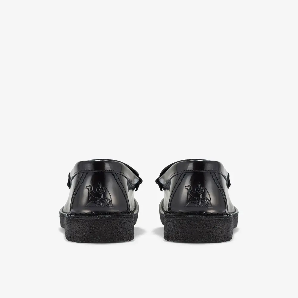 Available in black patent leather upper atop a black pebble crepe sole.
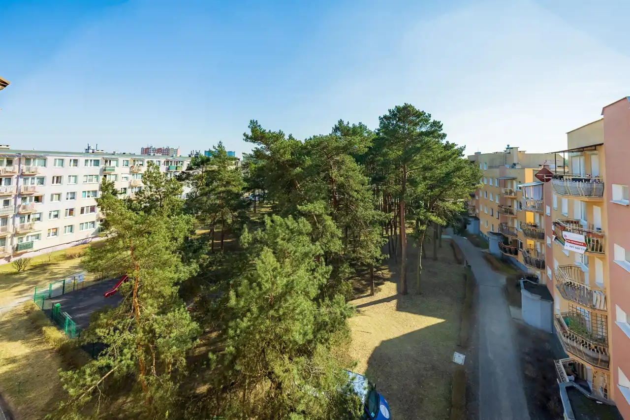 - Z balkonu prosto w zieleń: Twój balkon wychodzi na urokliwy lasek bezpośrednio przed blokiem.
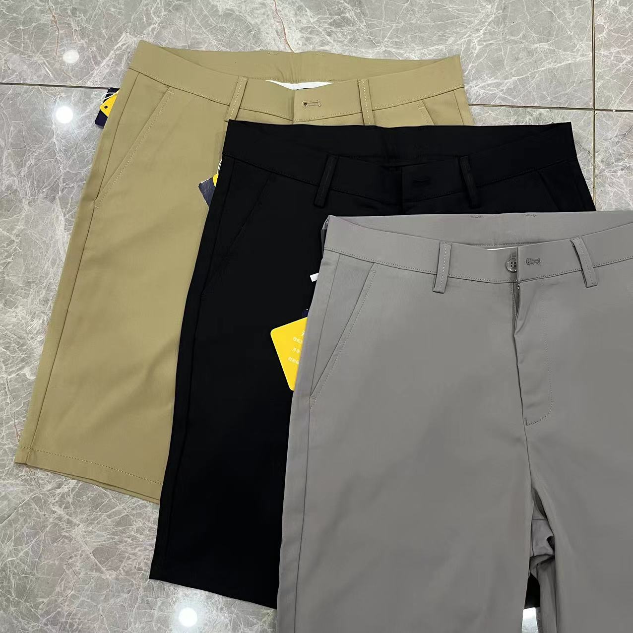 ¡Tela de sarga lavada! Pantalones cortos rectos de verano transpirables y microelásticos para hombre, informales, de negocios, de color liso
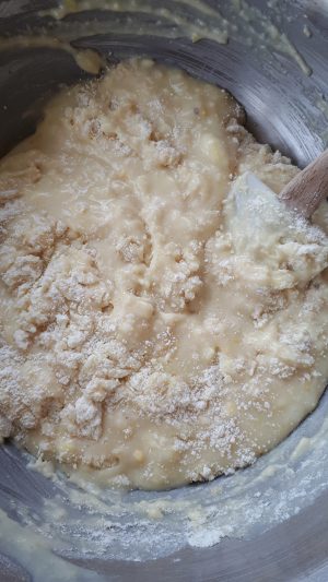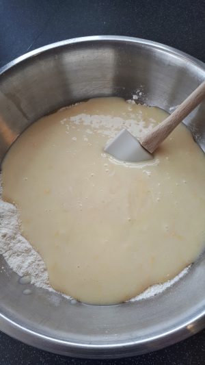 8. Add the wet ingredients to the flour / almond mix and with a a spatula until NEARLY combined
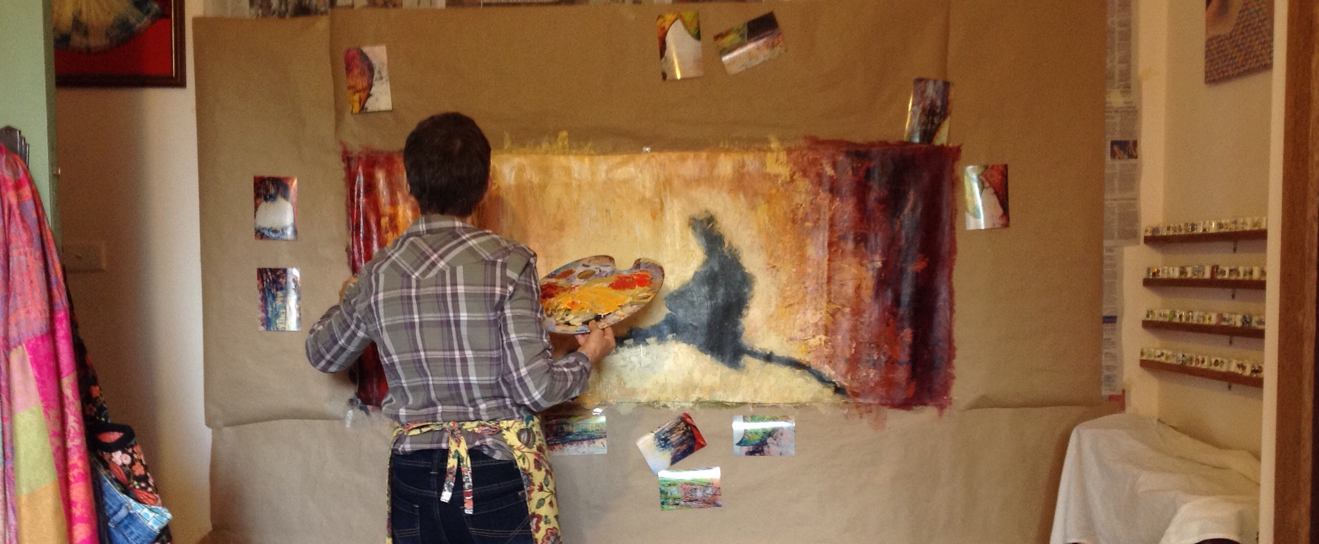 The question is do we abandon the birds and work up the painting? No I really want this to be a mixed media piece that incorporates the fabric elements that Rob works with. It is a question of rethinking.
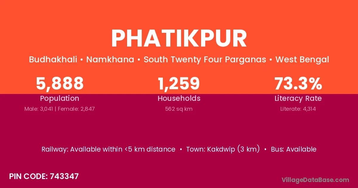 Kakdwip (3 km) is the nearest town to Phatikpur village for major economic activities and is located approximately 3 km away.
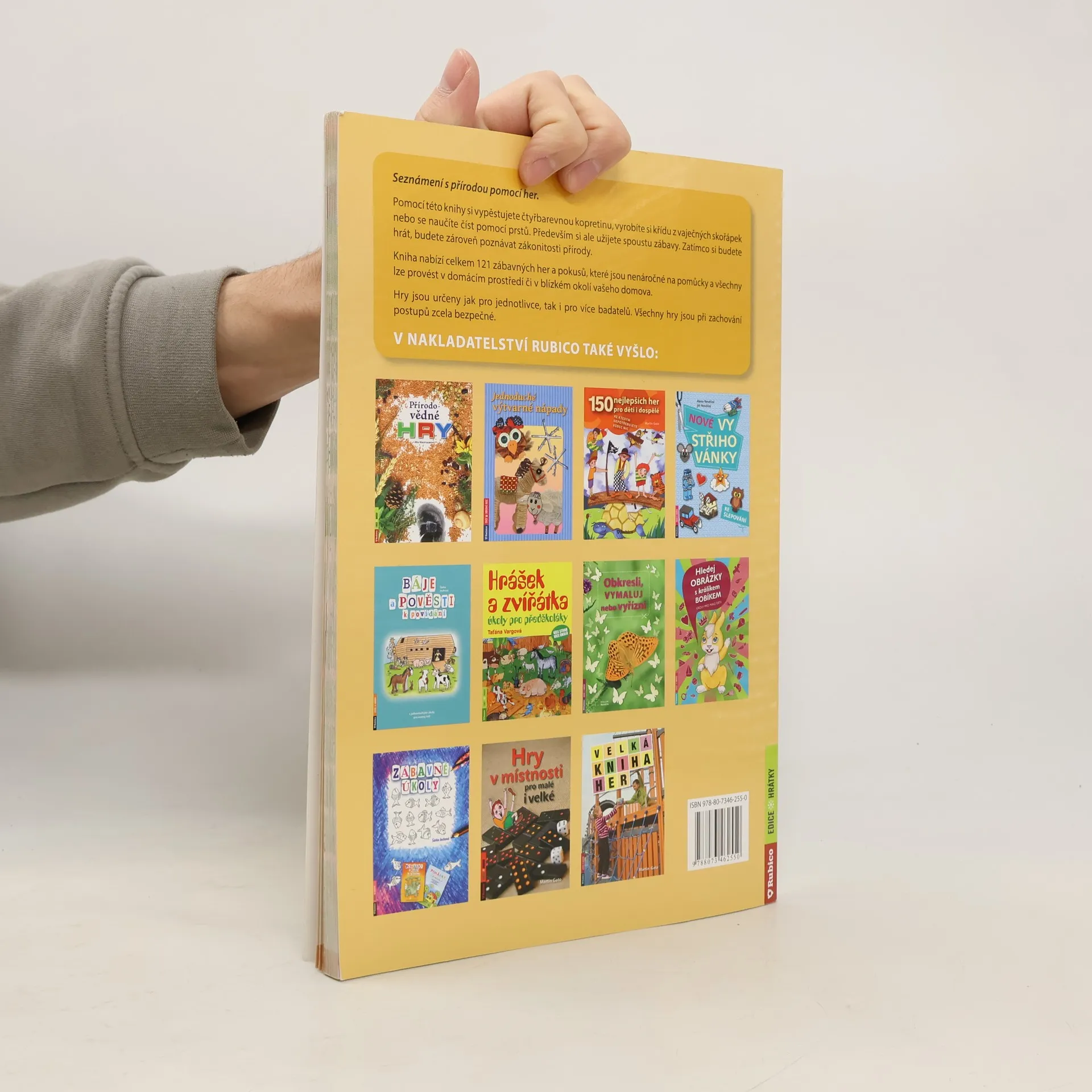 Seznámení s přírodou pomocí her. Pomocí této knihy si vypěstujete čtyřbarevnou kopretinu, vyrobíte si křídu z vaječných skořápek nebo se naučíte číst pomocí prstu. Především si ale užijete spoustu zábavy. Zatímco si budete hrát, budete současně poznávat zákonitosti přírody. Kniha nabízí 121 zábavných her a pokusů, které jsou nenáročné na pomůcky a všechny lze provést v domácím prostředí či v blízkém okolí vašeho domova. Hry jsou určeny jak pro jednotlivce, tak i pro více badatelů. Všechny hry jsou při zachování postupu zcela bezpečné.
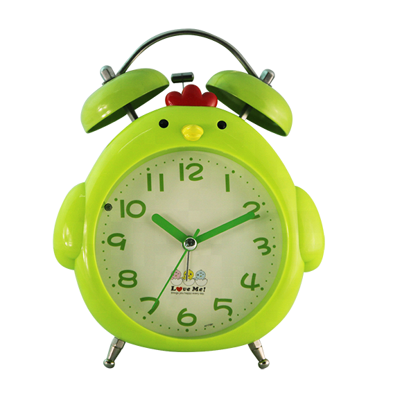 Gallo en forma de dibujos animados de alarma de reloj con dos Bell
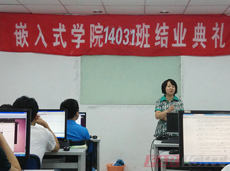 典禮開始李老師在發(fā)言中肯定了學(xué)員們四個(gè)月的付出,指出通過(guò)四個(gè)月集中的學(xué)習(xí),養(yǎng)成了刻苦學(xué)習(xí)的好習(xí)慣。同時(shí),也對(duì)大家這段時(shí)間出現(xiàn)的問(wèn)題指正,希望大家引以為鑒,以后類似的錯(cuò)誤不要再犯,希望每位學(xué)員在后期就業(yè)過(guò)程中能夠互幫互助,多總結(jié),共同進(jìn)步,日后在工作崗位上仍然要有刻苦的精神,要具備抗壓的能力,面對(duì)生活及工作中的困難要有必勝的決心。希望14031期學(xué)員能夠堅(jiān)持自己的理想,能夠秉著平穩(wěn)的心態(tài),在嵌入式這個(gè)領(lǐng)域里持之以恒的做下去,祝愿各位學(xué)員早日成為嵌入式行業(yè)精英!
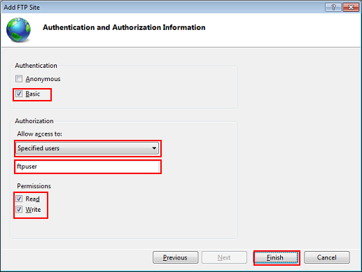 Set the authentication and authorization information, and then click Finish.
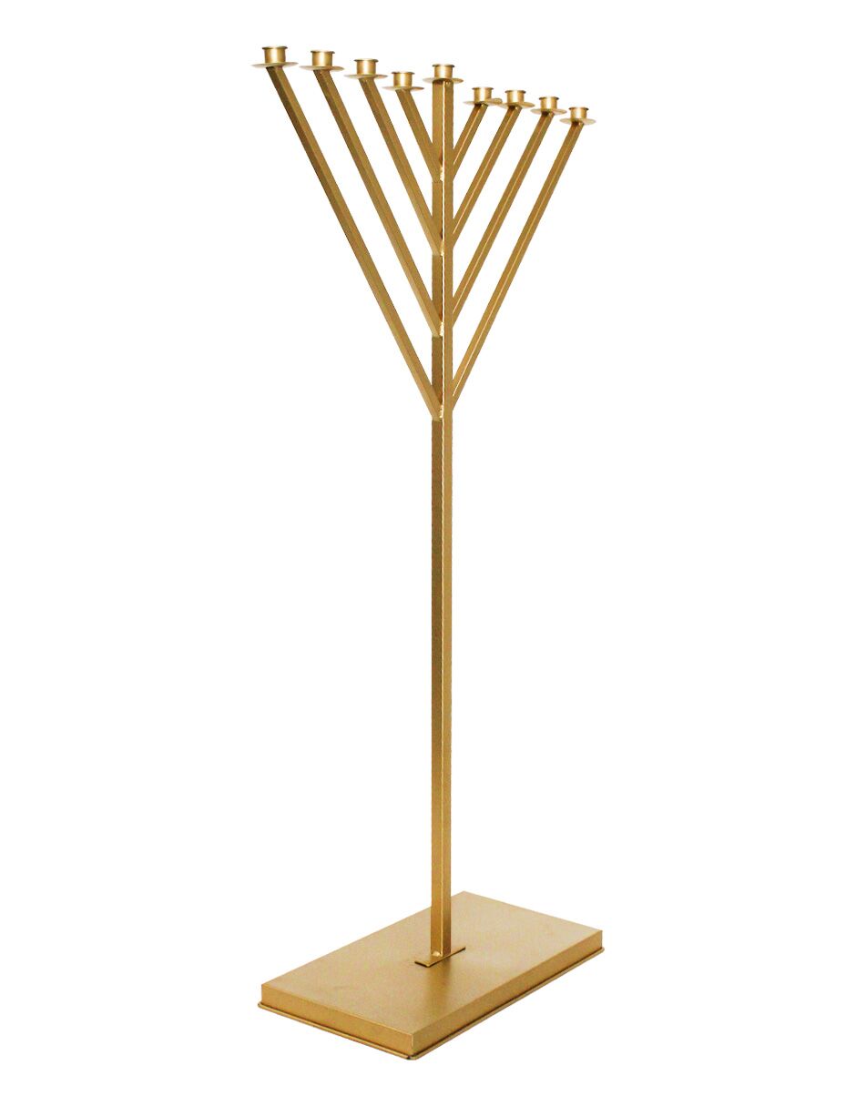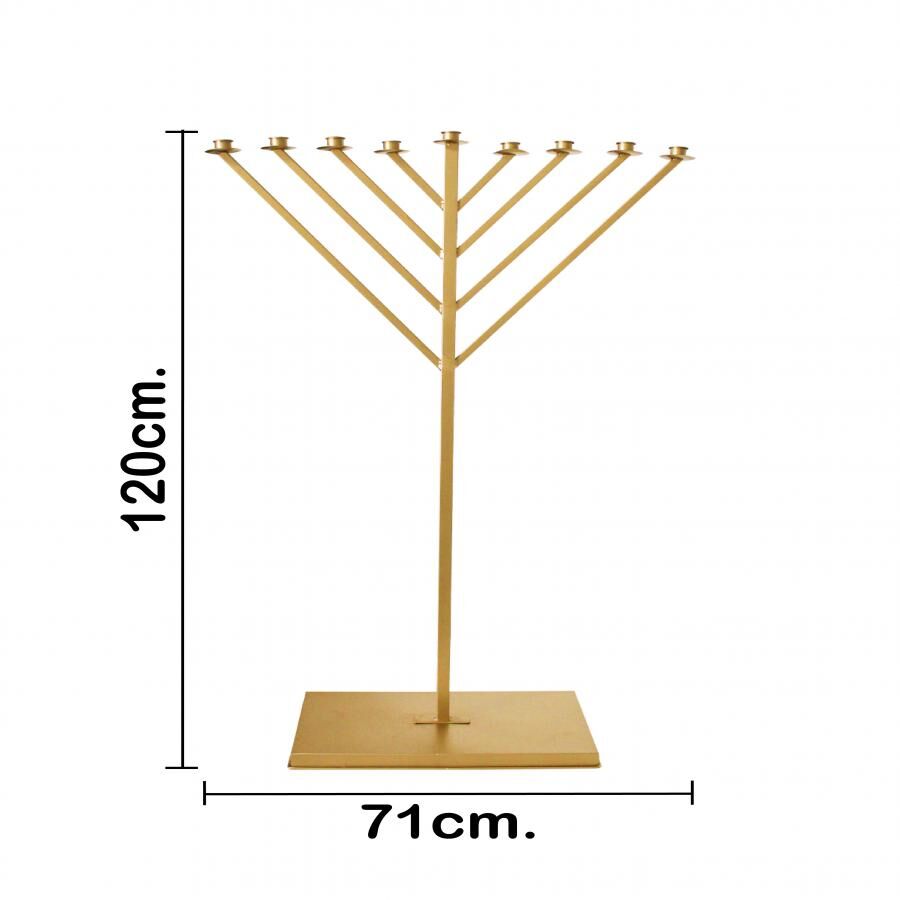 Aporta un toque de elegancia a tu hogar con este candelabro de Janucá de metal dorado. Con 9 brazos, te hará sentir la sofisticación y el brillo. Mide 70x24x121 cm, ideal para decorar tu mesa o repisa.
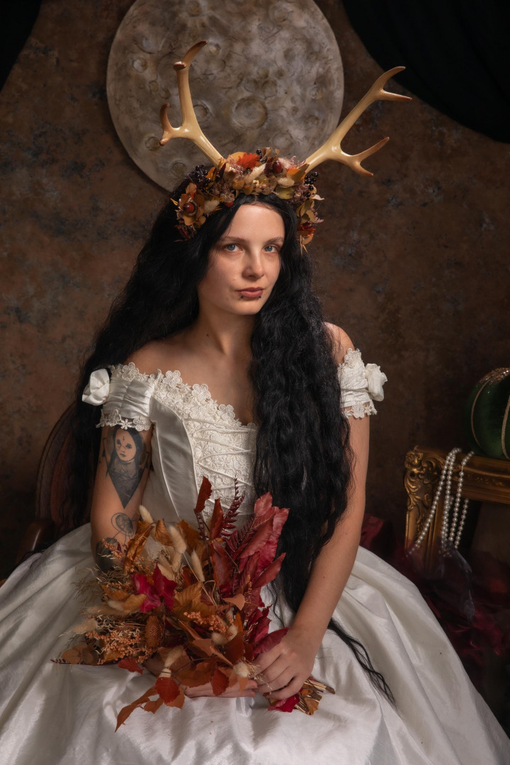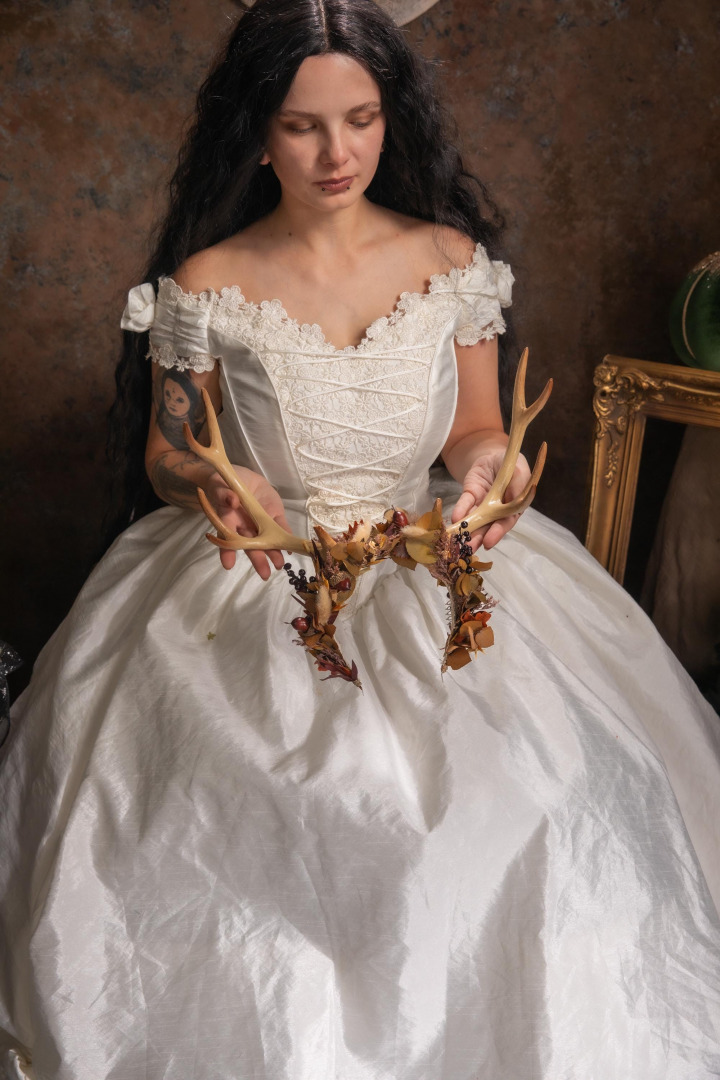 Flower crown with antlers in woodland design :) The flower crown is made of artificial and preserved materials, antlers and other arranging material. When stored in dry and dark place, our products last 10-15 years. We can also make you ...
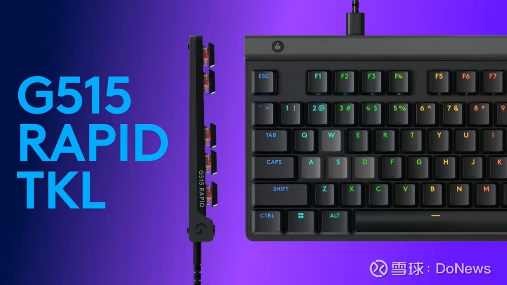 DoNews9月22日消息,罗技 G 此前推出的 G515 RAPID TKL 有线矮磁轴模拟游戏键盘现已上市,定价 1299 元。
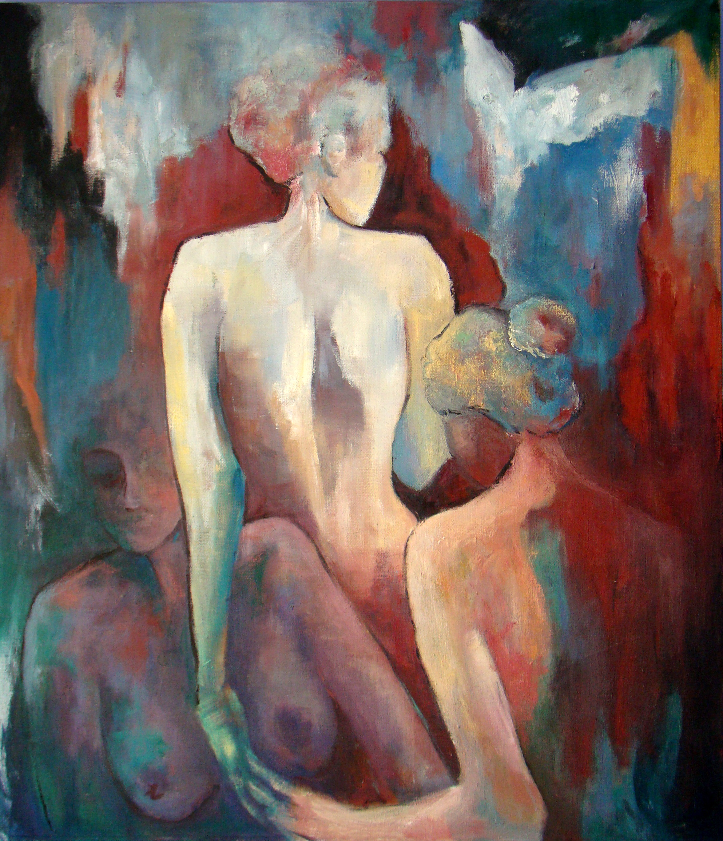 Vrouwen Rood Paars Doek Vriendschap Intimiteit Alkyd
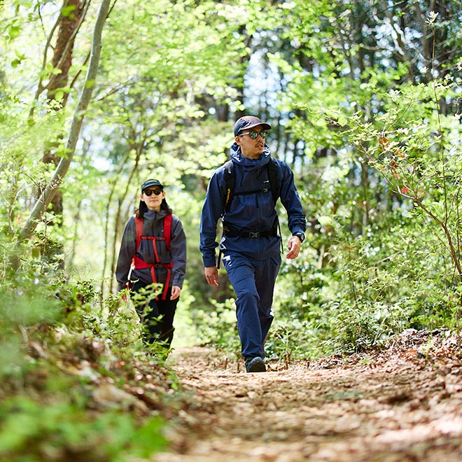 軽量ながら着地衝撃をしっかり吸収して下りの行動も安定する「プロディジオ ハイク」なら、より速くより遠くの目的地を目指せる。
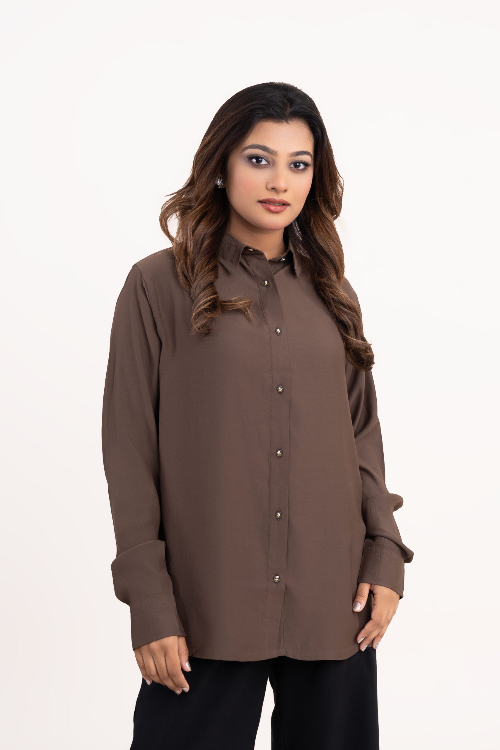 This woman’s formal shirt top is thoughtfully designed to deliver elegance, comfort and versatility for the modern wardrobe. Crafted with a smooth soft-touch fabric, this top offers a refined look that transitions effortlessly from office hours to casual outings and formal occasions. The clean button-down front and structured collar create a polished silhouette while the relaxed fit ensures ease of movement throughout the day.
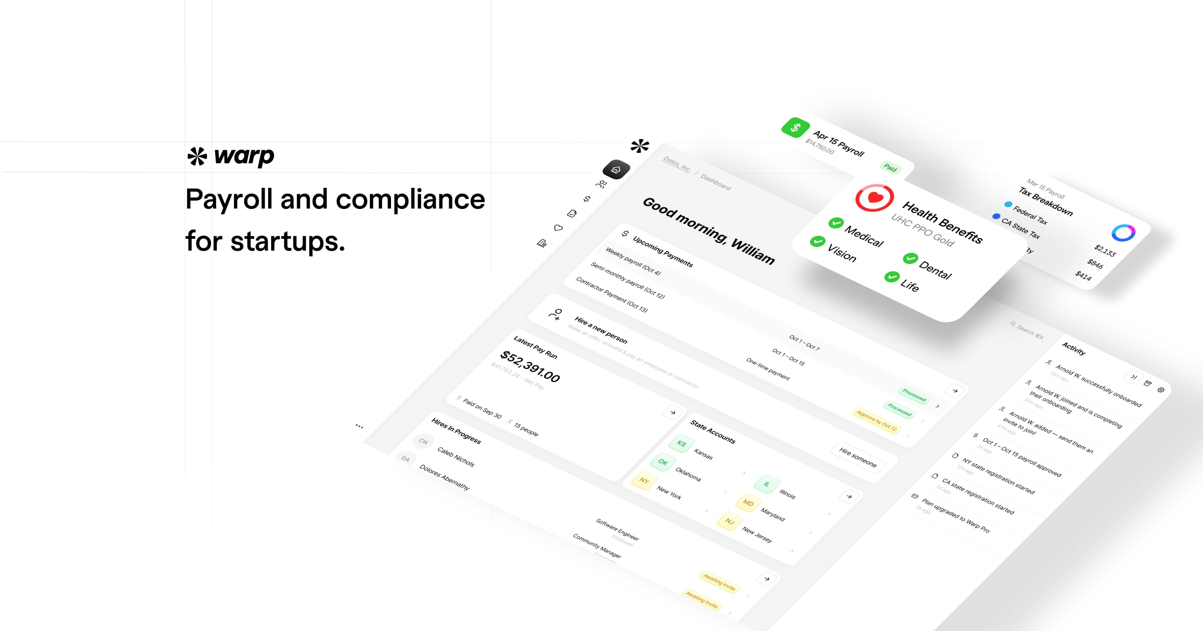 Warp has cut out all the features you don’t need (looking at you, Gusto’s “e-Welcome” card for new employees) and has automated the ones you do: federal, state, and local tax compliance, global contractor payments, and 5-minute onboarding.

┄┄┄┄┄┄┄┄┄┄┄┄┄┄┄┄┄┄┄┄

## Exercise goal
Find the line with "de color liso" in the entries above. Set down exactly every line from it up to and including the line with "8. Add the wet", images excluded.

## Exercise response
 ¡Tela de sarga lavada! Pantalones cortos rectos de verano transpirables y microelásticos para hombre, informales, de negocios, de color liso
 8. Add the wet ingredients to the flour / almond mix and with a a spatula until NEARLY combined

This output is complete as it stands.